Work to complete: Could you retype exactly the lines below between the one holding "Silver surged above" and the one holding "3. Наповнюємо банки", inclusive, leaving out any pictures?

Record extracts:

------------------------------------------------------------------------

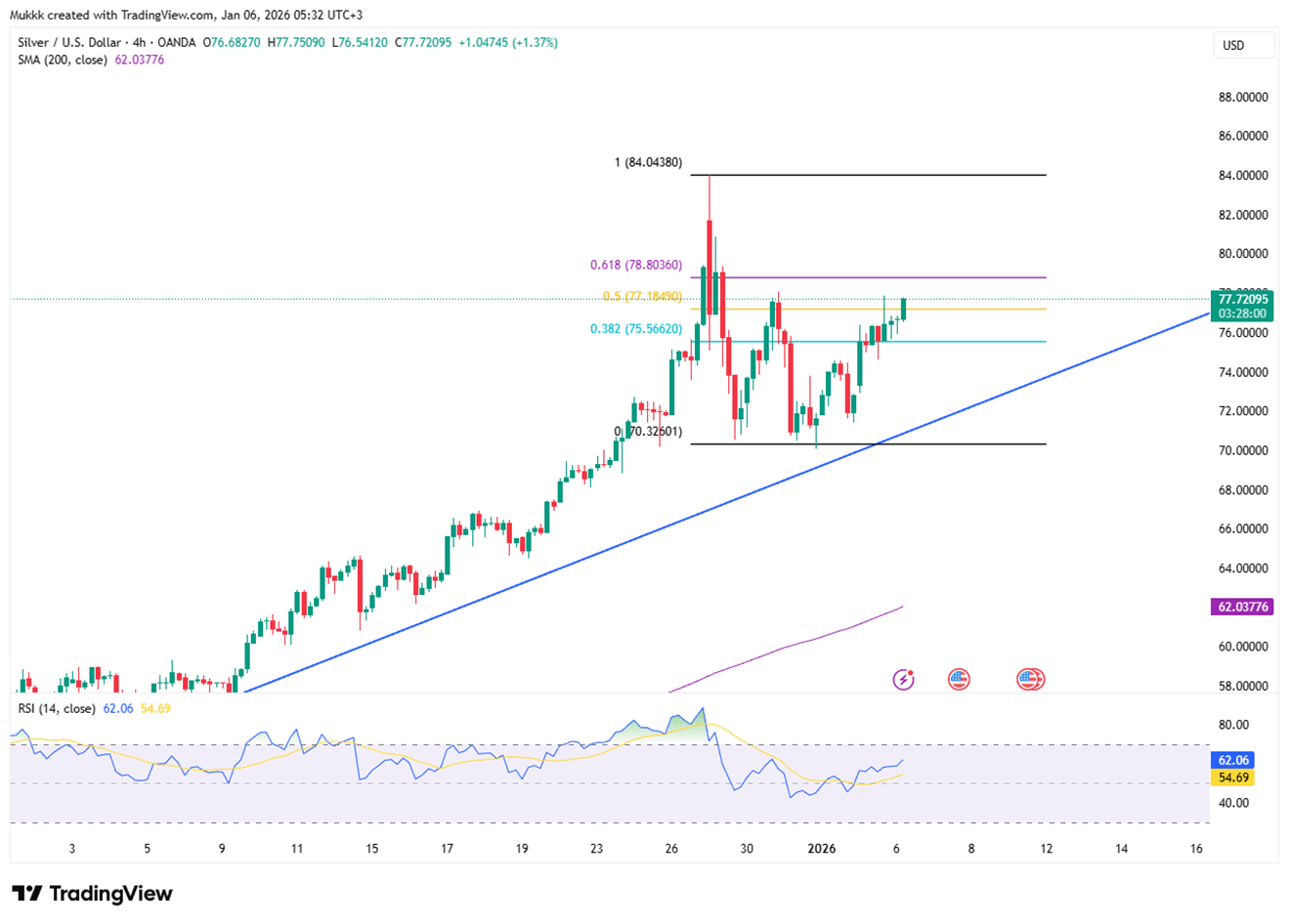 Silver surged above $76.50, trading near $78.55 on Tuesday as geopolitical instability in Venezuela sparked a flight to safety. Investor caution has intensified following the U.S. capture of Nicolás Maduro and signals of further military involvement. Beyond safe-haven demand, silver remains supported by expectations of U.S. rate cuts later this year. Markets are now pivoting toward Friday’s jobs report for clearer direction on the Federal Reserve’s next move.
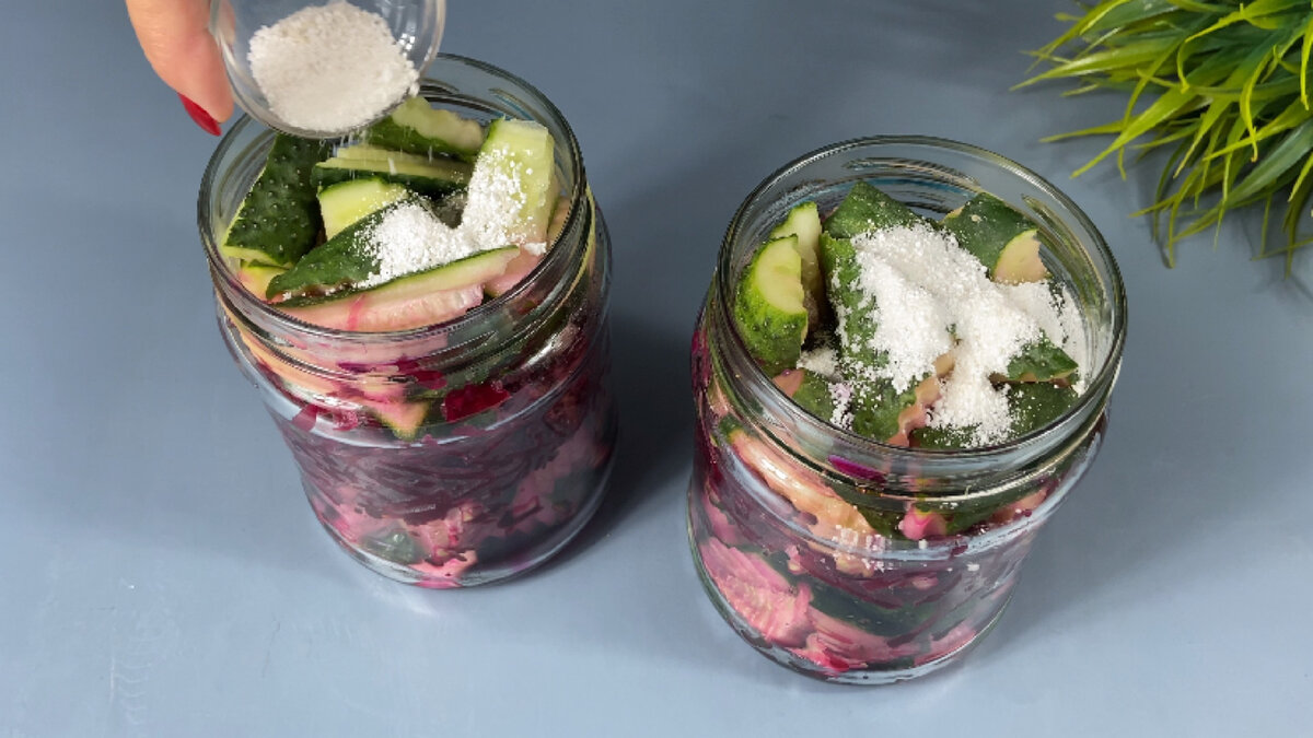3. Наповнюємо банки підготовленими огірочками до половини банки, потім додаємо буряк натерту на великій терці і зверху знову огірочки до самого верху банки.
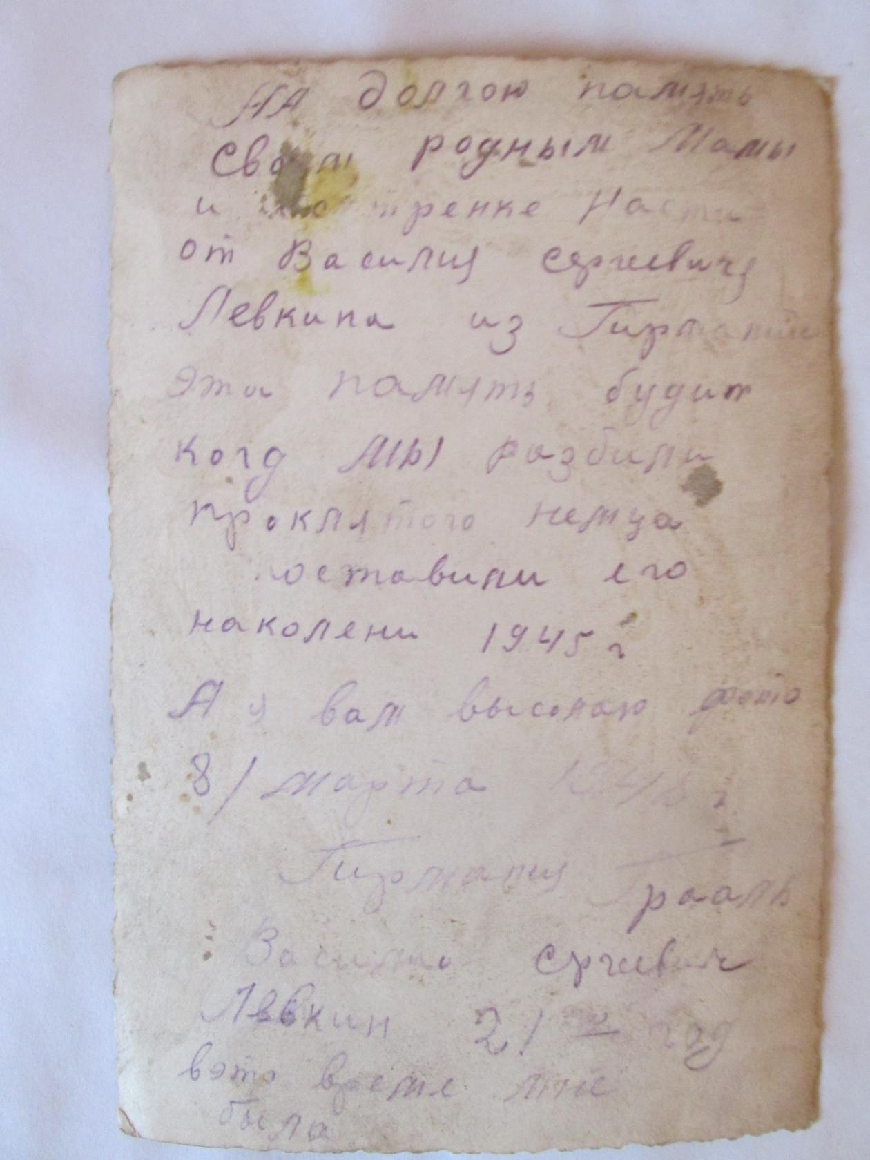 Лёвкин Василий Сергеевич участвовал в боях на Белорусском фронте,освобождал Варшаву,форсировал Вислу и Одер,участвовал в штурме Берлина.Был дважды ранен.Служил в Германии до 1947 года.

------------------------------------------------------------------------

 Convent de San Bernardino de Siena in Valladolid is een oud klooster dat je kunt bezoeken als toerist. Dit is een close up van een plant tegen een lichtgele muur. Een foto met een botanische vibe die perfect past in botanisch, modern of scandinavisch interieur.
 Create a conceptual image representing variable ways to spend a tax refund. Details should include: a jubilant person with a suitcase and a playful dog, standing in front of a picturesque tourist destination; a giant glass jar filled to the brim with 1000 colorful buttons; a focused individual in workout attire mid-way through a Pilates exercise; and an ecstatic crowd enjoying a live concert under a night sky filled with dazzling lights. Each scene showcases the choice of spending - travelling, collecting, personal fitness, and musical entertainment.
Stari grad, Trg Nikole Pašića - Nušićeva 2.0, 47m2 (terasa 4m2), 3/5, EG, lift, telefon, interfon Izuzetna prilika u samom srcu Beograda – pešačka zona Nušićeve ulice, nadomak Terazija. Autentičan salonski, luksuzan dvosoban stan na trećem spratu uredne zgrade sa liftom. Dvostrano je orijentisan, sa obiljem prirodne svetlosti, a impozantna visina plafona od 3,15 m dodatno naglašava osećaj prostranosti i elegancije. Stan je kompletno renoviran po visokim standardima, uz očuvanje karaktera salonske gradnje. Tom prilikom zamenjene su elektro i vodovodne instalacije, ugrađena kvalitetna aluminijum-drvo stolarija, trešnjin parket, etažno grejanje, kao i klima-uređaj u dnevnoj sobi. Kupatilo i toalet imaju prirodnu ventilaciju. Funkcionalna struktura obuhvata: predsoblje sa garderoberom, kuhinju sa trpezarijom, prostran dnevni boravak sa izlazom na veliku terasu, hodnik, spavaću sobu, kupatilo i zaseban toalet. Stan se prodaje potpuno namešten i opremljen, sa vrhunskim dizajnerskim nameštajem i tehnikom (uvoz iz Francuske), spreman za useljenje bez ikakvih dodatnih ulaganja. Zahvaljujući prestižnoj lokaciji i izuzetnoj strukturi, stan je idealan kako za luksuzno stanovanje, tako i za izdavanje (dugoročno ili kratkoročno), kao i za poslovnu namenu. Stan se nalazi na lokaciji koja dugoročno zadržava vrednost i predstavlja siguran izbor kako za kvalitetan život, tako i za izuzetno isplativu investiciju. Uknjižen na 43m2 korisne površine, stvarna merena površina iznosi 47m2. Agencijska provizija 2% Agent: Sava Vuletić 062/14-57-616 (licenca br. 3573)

------------------------------------------------------------------------

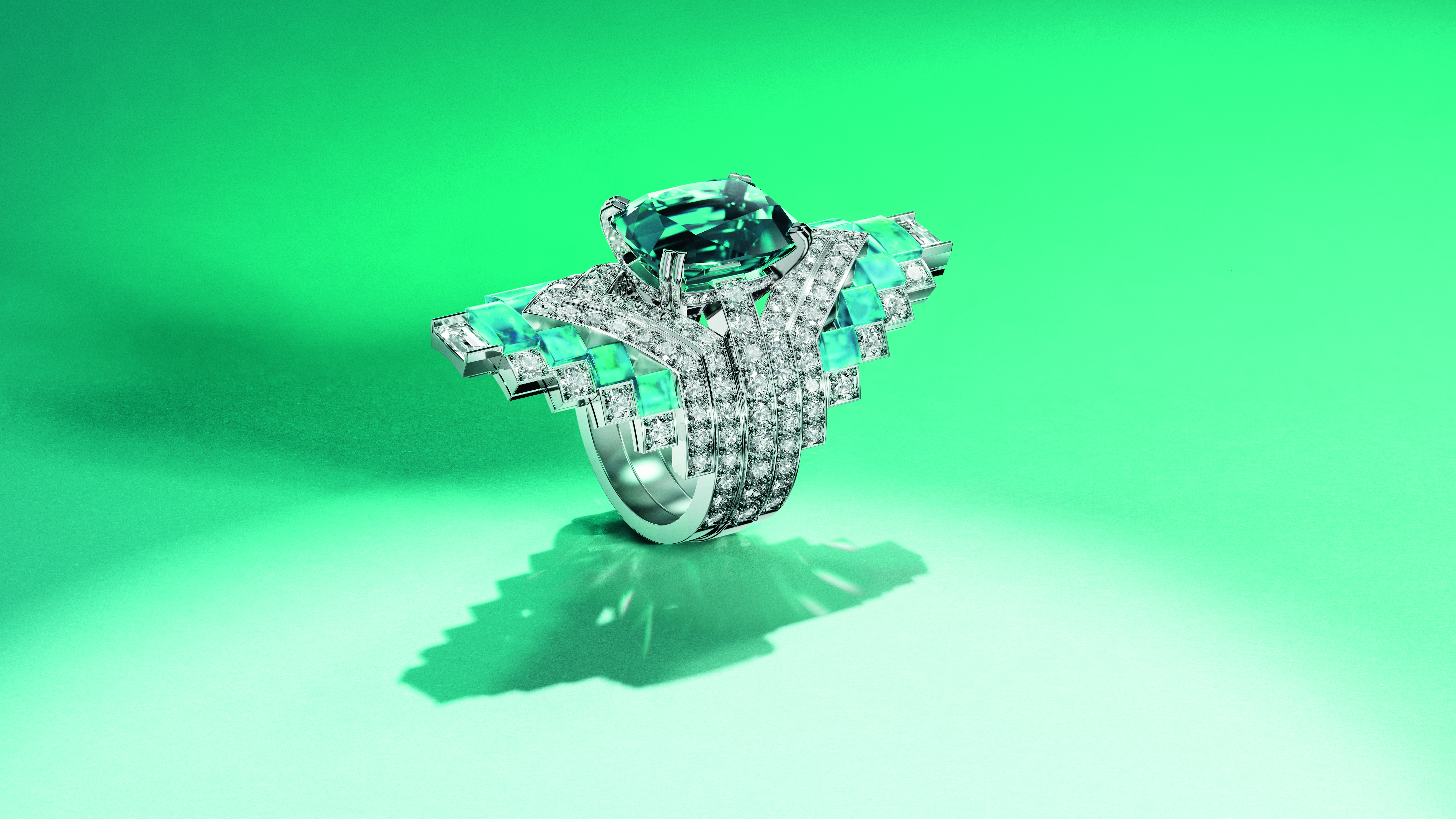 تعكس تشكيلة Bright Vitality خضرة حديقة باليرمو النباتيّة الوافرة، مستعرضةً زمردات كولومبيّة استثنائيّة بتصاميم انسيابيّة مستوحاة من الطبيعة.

------------------------------------------------------------------------

Exercise output:
 Silver surged above $76.50, trading near $78.55 on Tuesday as geopolitical instability in Venezuela sparked a flight to safety. Investor caution has intensified following the U.S. capture of Nicolás Maduro and signals of further military involvement. Beyond safe-haven demand, silver remains supported by expectations of U.S. rate cuts later this year. Markets are now pivoting toward Friday’s jobs report for clearer direction on the Federal Reserve’s next move.
3. Наповнюємо банки підготовленими огірочками до половини банки, потім додаємо буряк натерту на великій терці і зверху знову огірочки до самого верху банки.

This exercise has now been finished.